◆ **EXERCISE DIRECTIONS**
From the data below, repeat exactly the lines from the line with "3 Seater Sleeper" to the line with "Image | January", both included.

◆ **DATA RECORDS**
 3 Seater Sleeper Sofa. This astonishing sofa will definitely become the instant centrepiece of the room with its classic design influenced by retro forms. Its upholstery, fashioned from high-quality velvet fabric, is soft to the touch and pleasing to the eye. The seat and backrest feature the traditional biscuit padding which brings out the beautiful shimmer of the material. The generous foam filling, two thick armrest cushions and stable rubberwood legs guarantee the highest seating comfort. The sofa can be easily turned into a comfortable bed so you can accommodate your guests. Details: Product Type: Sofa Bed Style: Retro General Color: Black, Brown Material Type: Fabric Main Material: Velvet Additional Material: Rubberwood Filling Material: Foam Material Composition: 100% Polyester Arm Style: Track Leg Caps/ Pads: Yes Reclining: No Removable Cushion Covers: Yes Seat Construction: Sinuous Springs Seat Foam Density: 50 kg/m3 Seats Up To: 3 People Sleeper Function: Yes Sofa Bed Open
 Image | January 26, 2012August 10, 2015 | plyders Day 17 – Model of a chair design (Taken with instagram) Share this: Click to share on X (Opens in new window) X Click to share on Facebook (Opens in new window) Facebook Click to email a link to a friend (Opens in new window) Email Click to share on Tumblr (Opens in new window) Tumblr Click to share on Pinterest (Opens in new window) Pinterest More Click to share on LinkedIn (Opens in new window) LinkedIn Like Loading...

...

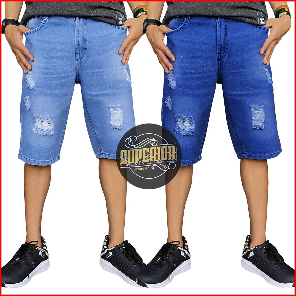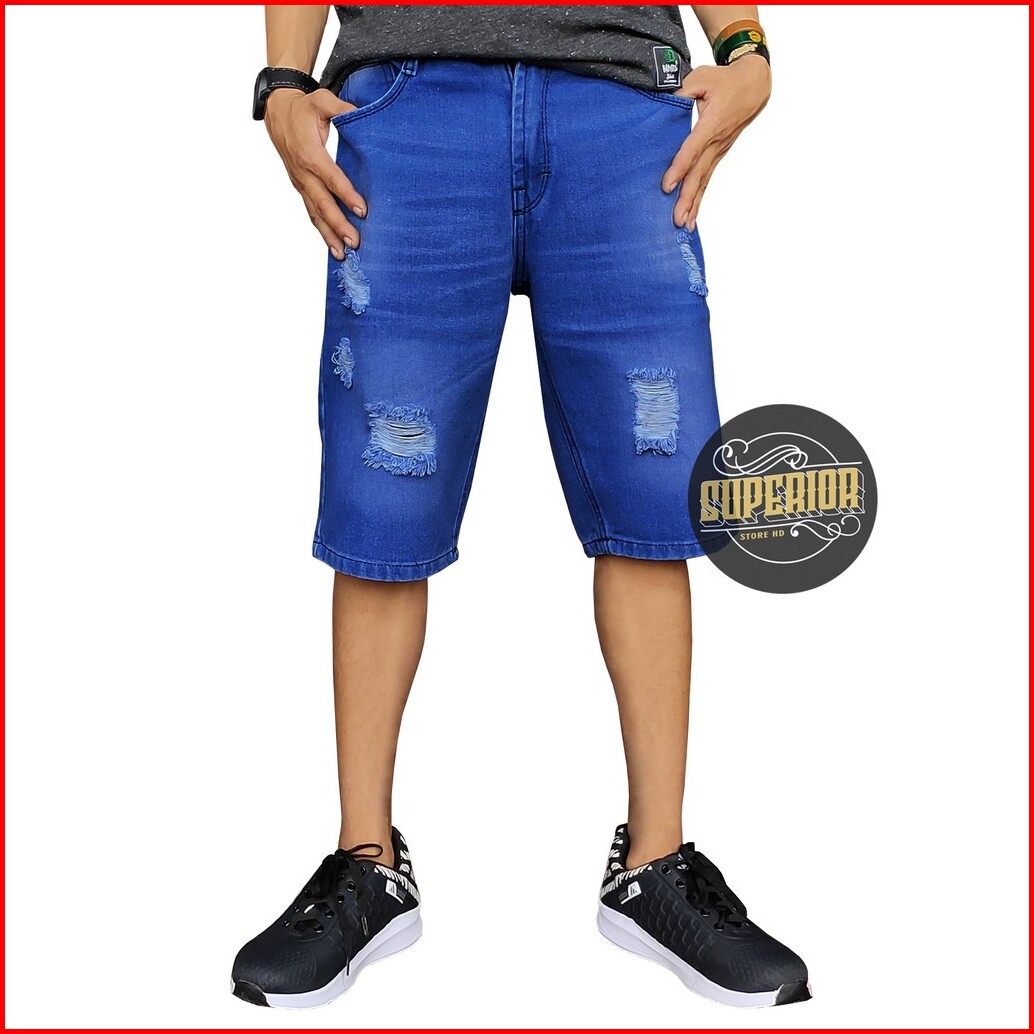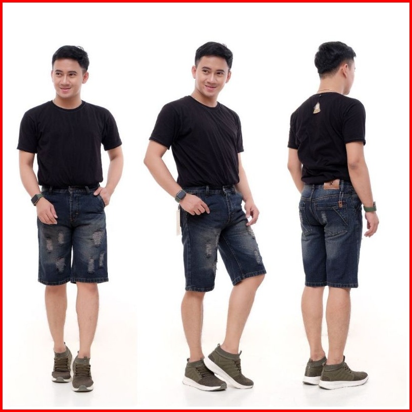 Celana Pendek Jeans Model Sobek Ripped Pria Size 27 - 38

---

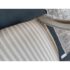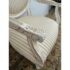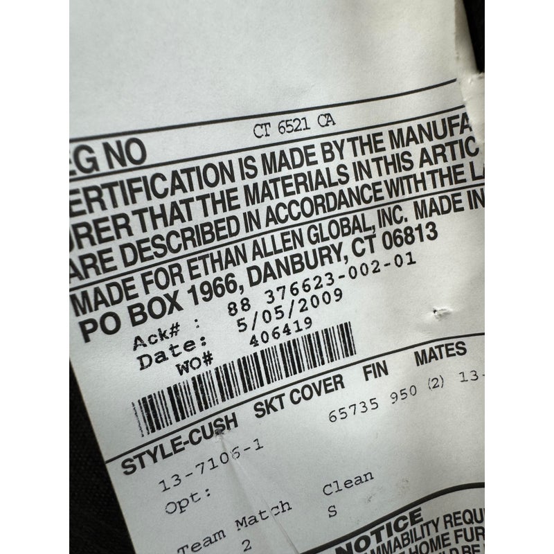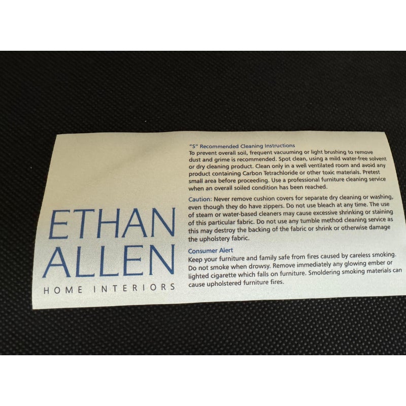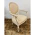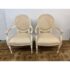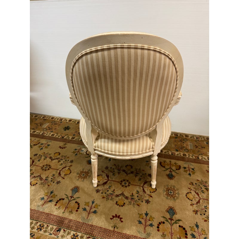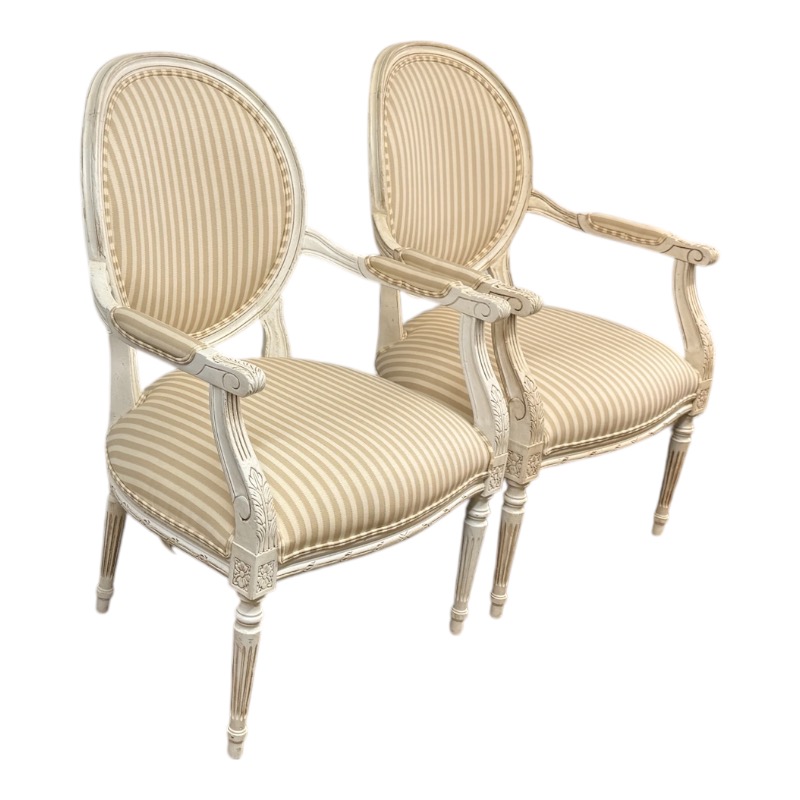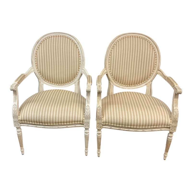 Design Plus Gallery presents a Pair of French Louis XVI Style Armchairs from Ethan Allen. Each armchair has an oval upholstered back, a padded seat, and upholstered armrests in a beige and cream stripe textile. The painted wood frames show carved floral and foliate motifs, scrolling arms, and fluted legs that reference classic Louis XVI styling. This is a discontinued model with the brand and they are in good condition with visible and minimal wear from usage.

◆ **TASK ANSWER**
 3 Seater Sleeper Sofa. This astonishing sofa will definitely become the instant centrepiece of the room with its classic design influenced by retro forms. Its upholstery, fashioned from high-quality velvet fabric, is soft to the touch and pleasing to the eye. The seat and backrest feature the traditional biscuit padding which brings out the beautiful shimmer of the material. The generous foam filling, two thick armrest cushions and stable rubberwood legs guarantee the highest seating comfort. The sofa can be easily turned into a comfortable bed so you can accommodate your guests. Details: Product Type: Sofa Bed Style: Retro General Color: Black, Brown Material Type: Fabric Main Material: Velvet Additional Material: Rubberwood Filling Material: Foam Material Composition: 100% Polyester Arm Style: Track Leg Caps/ Pads: Yes Reclining: No Removable Cushion Covers: Yes Seat Construction: Sinuous Springs Seat Foam Density: 50 kg/m3 Seats Up To: 3 People Sleeper Function: Yes Sofa Bed Open
 Image | January 26, 2012August 10, 2015 | plyders Day 17 – Model of a chair design (Taken with instagram) Share this: Click to share on X (Opens in new window) X Click to share on Facebook (Opens in new window) Facebook Click to email a link to a friend (Opens in new window) Email Click to share on Tumblr (Opens in new window) Tumblr Click to share on Pinterest (Opens in new window) Pinterest More Click to share on LinkedIn (Opens in new window) LinkedIn Like Loading...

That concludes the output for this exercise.